By now most business owners have heard about voice cloning scams — AI-generated audio that sounds like a director or supplier calling to request an urgent bank transfer. What’s less well known is that the same technology has moved into video. Deepfake video calls impersonating executives, suppliers, or even bank representatives are now appearing in fraud attempts against UK small businesses, and the defences most teams have in place weren’t designed for this threat.
A Birmingham manufacturing firm lost £340,000 in early 2026 after a finance manager took part in what appeared to be a video call with the company’s CFO. The face was right. The voice was right. The CFO appeared to be calling from their usual home office background. The call was authorising an emergency payment for a supplier contract that had supposedly run into complications. It was entirely fabricated.
This isn’t an isolated incident. Cyber fraud involving AI-generated media is up roughly 38% in UK businesses year on year, and the cases that are being reported publicly are almost certainly the visible tip of a larger pattern.
How deepfake video fraud actually works
The technical barrier to creating a convincing video deepfake has dropped dramatically over the past two years. The basic process doesn’t require specialist expertise — it requires a few minutes of source footage (often scraped from LinkedIn, company websites, YouTube interviews, or past video calls) and access to commercially available AI video synthesis tools.
The resulting video is rarely perfect. There are often artefacts around the hairline, unusual blink patterns, or slight mismatches between the audio and lip movements. But in a compressed video call format, over a modest internet connection, with someone who isn’t specifically looking for forgery indicators — it’s convincing enough.
The social engineering layer is what makes these attacks work. Fraudsters research their targets before calling. They know the organisational structure, the names of senior staff, the tone of internal communications, often the specific payment processes the company uses. The fake video call comes in a context that feels plausible — an urgent supplier issue, a confidential acquisition discussion, a payment that needs to go through before close of business.
The emotional pressure of the situation — urgency, authority, confidentiality — is deliberately designed to bypass the normal friction that would stop someone from transferring a large sum of money.
Why small businesses are particularly at risk
Larger organisations have started implementing controls specifically designed for this threat: out-of-band verification requirements for payment authorisations, multi-person approval thresholds, and awareness training that specifically covers deepfake indicators.
Small businesses often haven’t got there yet.
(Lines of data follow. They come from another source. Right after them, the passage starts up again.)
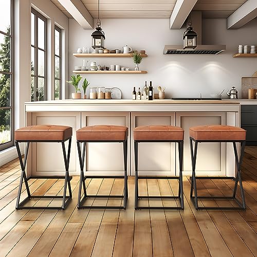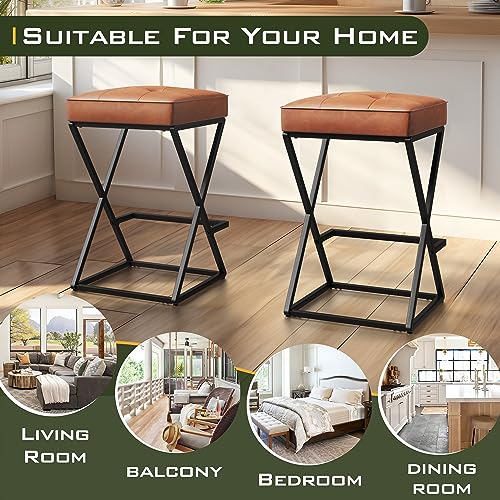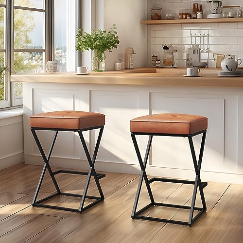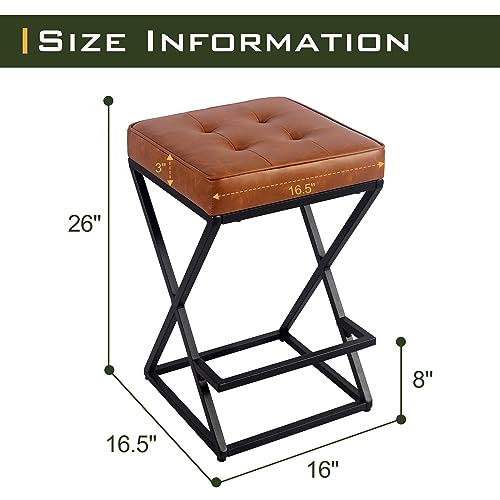 NicBex - NicBex 26 Inch Bar Stools, Modern PU Leather Upholstered Barstools Square Backless Barstools with Footrest Kitchen Island Counter Bar Stools Set of 2
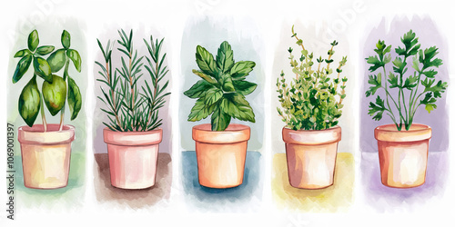 Watercolor Floral Design Featuring Five Unique Flower Types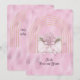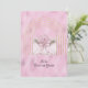A beautiful pink foil background with a set of gold arches enclosing an image on pink hydrangeas on a white envelope.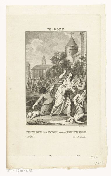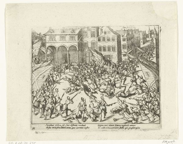 Jan Lucas van der Beek created this print, "Anabaptists Running Nude Across the Dam in Amsterdam, 1535," using etching techniques. The scene is dominated by the stark contrast of light and shadow, characteristic of etching, which adds a dramatic tension to the chaotic event depicted. The composition is carefully structured with the architectural backdrop providing a rigid, geometric contrast to the fluid, dynamic forms of the figures. This juxtaposition creates a visual tension that destabilizes the traditional notions of order and chaos. The artist uses line and form to construct a narrative that challenges fixed meanings, inviting us to question the boundaries of social norms and individual expression. The materiality of the print, with its fine lines and textured surfaces, enhances the sense of immediacy and rawness, drawing viewers into the historical and philosophical context of the Anabaptist movement. The print serves not just as a record, but as a provocative discourse on power, perception, and representation.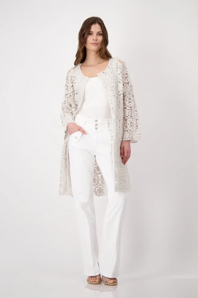 Tento pletený kabát z vysoce kvalitní bavlny zaujme elegantním lurexovým efektem.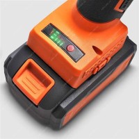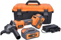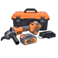 Úhlová aku bruska vybavena dvěma Li-ion akumulátory 21V 4Ah. Nabití brusky trvá cca 2,5 hodiny. U brusky lze nastavit otáčky tří úrovní 3500, 5500, 7000 ot./min. Bezuhlíkový motor zajišťuje nižší ztráty, účinnější přenos výkonu a delší životnost. Bruska disponuje aretaci vřetena SPINDLE LOCK usnadňující výměnu kotoučů. Pohodlí a kontrolu zaručuje tělo z odolného plastu, protiskluzovým povrchem a dvoupolohovým držadlem. Převodovka je uložena v krytu z hliníkové slitiny. Nástroj je kompaktní díky svým rozměrům 38x12x10 cm a šířkou kotouče 100 mm.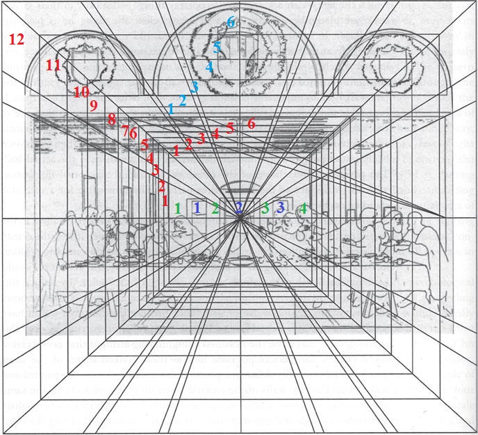 https://falyosa.livejournal.com/5260495.html [Сумма 3+4+6+6+3+6+4 действительно = 32, что написано вверху столбика.] Леонардо наверняка знал из разных источников, что ноты можно записывать числами, поскольку высота звука зависит от нескольких переменных, таких как размер и вес музыкального инструмента или его составных частей. Например, если разрезать струну пополам, высота ее звучания будет на октаву выше, чем у целой струны; октава, соответственно, обозначается через соотношение 1:2. Две трети от полной длины будут давать тональный интервал в пятую долю (выражаемый через соотношение 2:3), а три четверти – в четвертую (3:4). Леонардо использует эти соотношения при расчете пространства комнаты, в которой сидят Христос и апостолы, превращая ноты в своего рода зримую музыку. Архитектурные детали на картине, судя по всему, организованы в виде рядов, привязанных к тоновым интервалам. Как указал один исследователь, соотношение двоек, троек, четверок и шестерок на рисунке Леонардо представляет собой соотношение между четвертой и пятой частью октавы (3:4:6), октавой (3:6) и пятой частью (4:6). В “Тайной вечере” действительно прослеживается арифметическая прогрессия. Например, если стена трапезной разделена на двенадцать частей, то кессонированный [с углублениями] потолок на первом плане – на шесть, что дает соотношение 1:2 (октава). Дальняя стена по ширине дает четыре таких же части, а окна – три таких же (если измерять ширину между центрами двух боковых окон, а не между их внешним краем). Тогда получается (с небольшим приближением) пропорция 12:6:4:3. То же соотношение существует между шпалерами на стене. Они – разной длины, те, которые расположены в дальней части комнаты, увеличиваются в соотношении 1:1/2:1/3:1/4 – давая (на сей раз без всяческого приближения) математическую пропорцию 12:6:4:3” (https://design.wikireading.ru/hqOvwUcaIX). Нарочно непонятно при этом пишут. Хорошо: "стена трапезной разделена на двенадцать частей, то кессонированный [с углублениями] потолок на первом плане – на шесть”. Хорошо, пусть первый план пронумерован синими числами.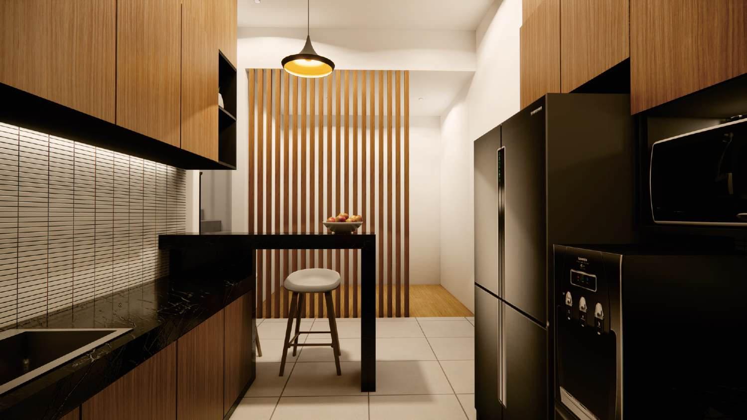 Desain interior tiap ruang bernuansa kayu yang akan menjadi garis besar dalam desain kali ini. Penggunaan perabot dibuat secara custom untuk memaksimalkan luas ruang dan kebutuhan pengguna.

The finance function is frequently one or two people who regularly take instruction directly from directors and partners. The verification steps that exist in larger organisations simply don’t exist. And the personal relationships involved — “I know the MD’s voice and face” — are exactly what the attacker is exploiting.
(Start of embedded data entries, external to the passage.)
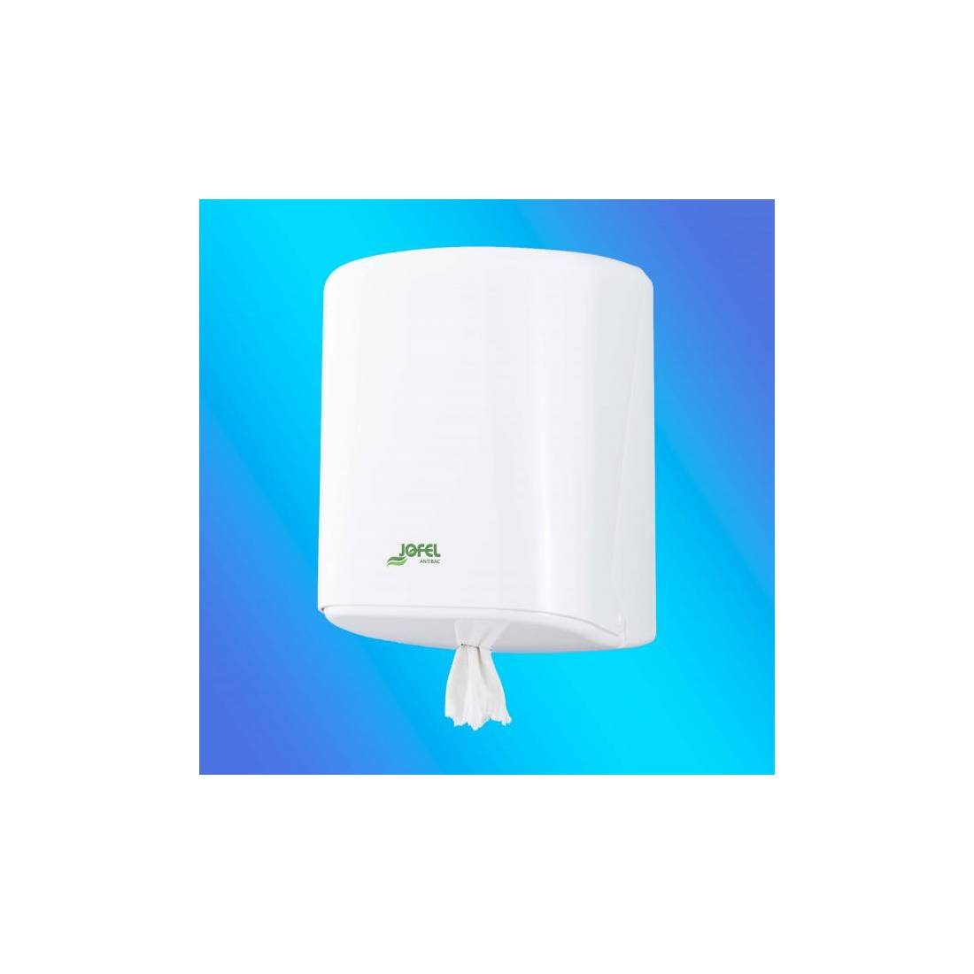 JofelDispensador Box de papel bobina mecha en continuo, dispensa por la base.\nFabricado en ABS blanco antibacteriano/higienizador de alta calidad y resistencia.\nFrontal totalmente abatible para facili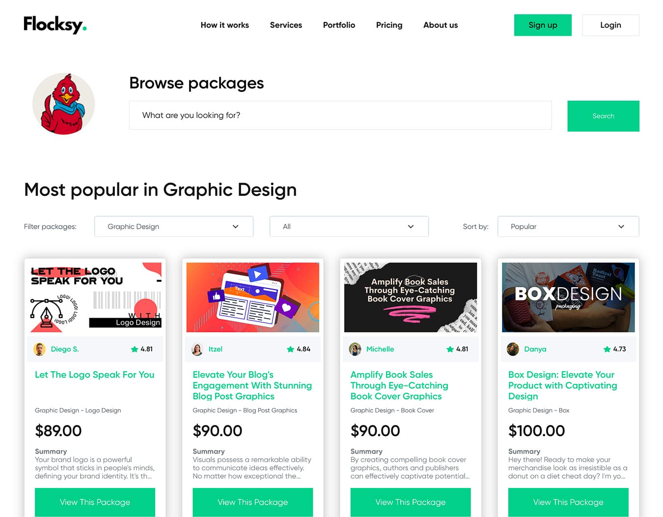 The Flocksy Marketplace is user-friendly and easy to navigate. Individual creatives offer creative services in detailed posts summarizing the project cost, expected turnaround time, revision policies, and more.
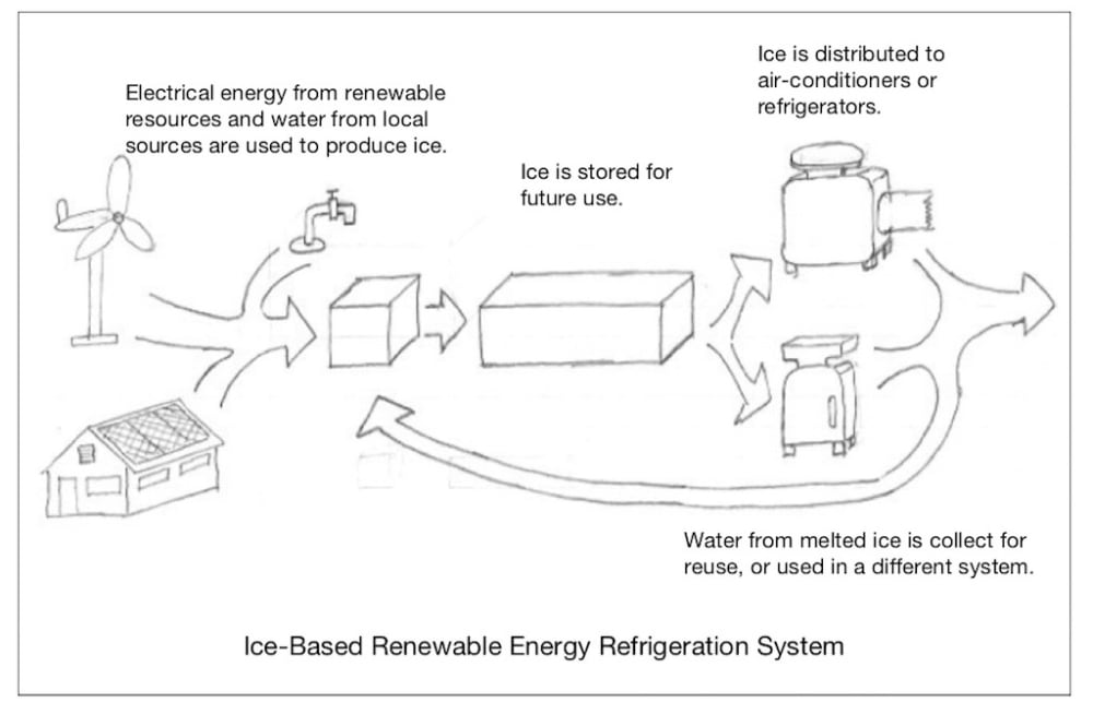 An ice-based renewable energy refrigeration system would need to consist of a series of devices to include an energy producer, water source, ice maker, ice storage, ice-based refrigerator or air conditioner, and water collector. Water and ice storage would be scaled to need. A family-sized system would be small enough for a house or apartment. Larger ice makers and storage systems would be used for larger industrial buildings, such as a server farm. Transportation and distribution of the ice, which can be very heavy, would likely be local. A family-sized system could produce 10 kilogram blocks; an easy lift. An industrial-sized system could produce larger blocks, which would be moved by machinery. The system could be designed to reuse melted water, either to produce more ice or for use in another system.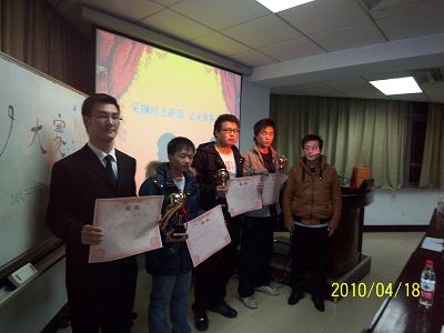 大赛由牟明标、李冰主持,伟德体育团委书记马景惠老师、团委副书记田治琛及团委各部部长出席了大赛并担任评委。大赛首先播放了开场短片,紧接着展播了09级四个班的参赛作品,分别是一班的《青春记忆》、二班的《王牌制片人》、三班的《情系西南》和四班的《坚强的心》。各班的作品以自身独特的风格、别具匠心的设计给在场的观众带去了快乐、感动和反思。接下来进行了一场配音游戏。游戏参赛者诙谐的表演增添了大赛轻松融洽的气氛。经过激烈的角逐,最终评出了四项团体奖 ——一班荣获最佳视觉效果奖 ,二班荣获最佳化妆(服装)奖,三班荣获最佳原创剧本奖,四班荣获最佳影片奖;六项个人奖—最佳男主角:刘洋,最佳女主角:洪桑桑,最佳男配角:王宏伟,最佳女配角:唐馨h,最佳导演:牟明标,最佳剪辑:李诗。最后,由团委副书记田治琛做最后总结。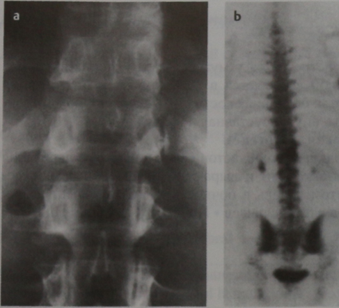 При поступлении больной бледный, худой, обращает на себя внимание резкий сколиоз влево в грудном и поясничном отделах. Значительная болезненность на уровне ТX-ТXII, особенно в околопозвоночных точках. При неврологическом обследовании определяются резкое снижение слева коленного и пяточного рефлексов, гиперестезия в зоне корешков X-XII сегментов спинного мозга. Спинномозговая жидкость и ликвородинамические пробы без особых изменений. Рентгенологически в правом поперечном отростке LI на фоне неравномерного уплотнения костной ткани определяется небольших размеров участок разрежения со склерозом вокруг.

There’s also a reluctance to question authority in small companies, particularly when the instruction is coming from a senior person in what looks like an official context. The social dynamics work in the fraudster’s favour.
What you can do about it
The good news is that the technical complexity of deepfake attacks doesn’t mean the defences need to be technically complex.
Establish a payment verification process that doesn’t depend on recognising someone visually or by voice. This is the most important step. For any payment above a threshold you set (£5,000? £10,000?), require a second channel of confirmation — a message to a known, saved phone number, not one provided during the call. A quick text saying “did you just call about X?” takes 30 seconds and defeats the attack.
Be especially sceptical of urgency and confidentiality. Legitimate payment requests from real people inside your business almost never require immediate action and explicit instructions not to verify. These are fraud indicators, not business norms.
Look for deepfake tells during video calls. Blurring or distortion around the face edges, unnatural eye movement, slight lip-sync delays, background that looks artificially smooth. Not every video call with these issues is a fake — but they’re worth being aware of. If something feels off, it’s fine to end the call and ring back on a known number.
Reduce your public video footprint where possible. This isn’t realistic for everyone, but it’s worth knowing that any video of your senior staff that’s publicly accessible is potential training data. Private LinkedIn posts, member-only webinars, and reduced social video can marginally raise the cost of attack.
Brief your team. This threat isn’t yet on most people’s radar. A 15-minute conversation about what deepfake video fraud looks like, and what to do if something feels wrong about a video call requesting financial action, costs almost nothing and significantly raises the baseline of awareness.
The underlying technology is going to keep improving, and the attacks are going to keep getting more convincing. The answer isn’t to become paranoid about every video call — it’s to build process controls that don’t rely on trusting your senses. Identity verification through a second channel is the straightforward solution, and it works regardless of how good the deepfake gets.